The Bill & Melinda Gates Foundation donated $10 million to the organization that grew out of the hashtag #GivingTuesday in part to fund a database of charitable giving and other acts of generosity.
GivingTuesday, the organization, has helped people realize there is a lot they can give, said foundation co-founder Melinda French Gates in an interview.
“Whether people are giving their voice, their time, their expertise or their money, and given that it was the ten year anniversary of GivingTuesday, it seemed like the right time to step up with another commitment," French Gates said.
Asha Curran, GivingTuesday’s CEO, described the foundation as a thought partner in addition to being a funder.
“It’s a really wonderful thing to see the partnering of big philanthropy and grassroots generosity, that those things don’t have to live in separate worlds and be viewed as totally separate things,” Curran said.
The new gift announced Tuesday also represents the Gates Foundation’s ongoing efforts encouraging people to give. The Giving Pledge, which the Gates’ founded with Berkshire Hathaway CEO Warren Buffett, asks billionaires to donate more than half of their wealth to charitable causes within their lifetimes, while GivingTuesday seeks to mobilize everyone else.
“We believe philanthropy is the right thing to do and that anybody can do it,” said French Gates in an interview. “And so, it’s more making it a societal norm, quite frankly, that you give something back.”
GivingTuesday started in 2012 as a project of the 92nd Street Y and became an independent nonprofit in 2020. It now convenes a network of people who run campaigns for communities around the world, adapted to relevant holidays and giving traditions.
Most people still associate the organization with the now-familiar flood of emails and other solicitations for charitable donations that pour in on the Tuesday after Thanksgiving in the U.S., which Curran said she doesn’t mind.
“I just wish they also associated it with grassroots leadership and young people leading the way in philanthropy,” she said.
Last year, the organization said donors gave more than $2.7 billion on Giving Tuesday, despite many fundraisers and organizations professing exhaustion with trying to design campaigns that breakthrough.
The Gates Foundation has previously given the organization $10.5 million since its founding.

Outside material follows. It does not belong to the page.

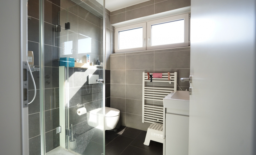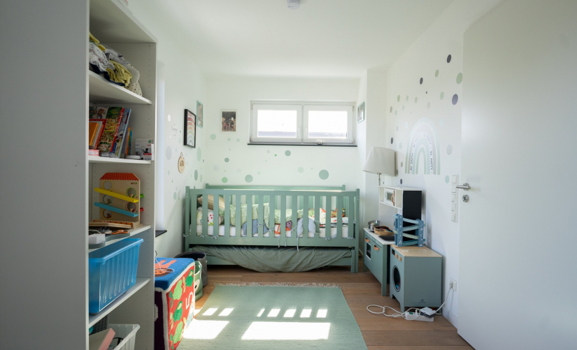 Im 1. Obergeschoss, welches derzeit als Kinderetage genutzt wird, stehen Ihnen zwei geräumige Schlafzimmer zur Verfügung. Ein modernes Großraum-Tageslichtbad mit bodentiefer Dusche, Wanne und 2 Waschbecken sowie ein praktischer Hauswirtschafts- und Technikraum mit Anschlüssen für Waschmaschine und Trockner unterstreichen das durchdachte Raumkonzept.

GivingTuesday also received $7 million from novelist and philanthropist MacKenzie Scott in 2021.
Curran said the gift will accelerate the organization’s plans to expand a database that includes information about giving from a range of sources including the payment processor PayPal, Charity Navigator, crowdfunding sites GoFundMe, DonorsChoose and Tiltify as well as major institutions that offer donor-advised funds like Fidelity Charitable and the Silicon Valley Community Foundation.
GivingTuesday said they aim to raise $26 million over five years to fund the data project and already have 40% of that amount committed.
The software company Blackbaud, which works with nonprofits, universities and foundations, said they do not share their raw donation data with third parties. though they do provide GivingTuesday the total amount of donations they process on the Tuesday after Thanksgiving.
Other organizations also track philanthropic giving — including Candid, which collects giving data from philanthropic foundations, governments and nonprofits, as well as major academic studies like one at the Indiana University Lilly Family School of Philanthropy that has surveyed the giving behavior of the same American households for decades. The Giving USA Foundation also releases an annual analysis of giving trends, that includes many datasets but doesn't capture person to person giving or mutual aid.
GivingTuesday aims to collect data about individual donations, which Jake Garcia, vice president of data at Candid, said could complement these other projects and help answer questions about giving trends.
“The stock market’s down, do donations go up or down?" Garcia said. “Number of donations, amount for donations, the type of donations they make. . . Those trends, I think, are the kinds of things that could be really revelatory if they can get a good enough body of data.”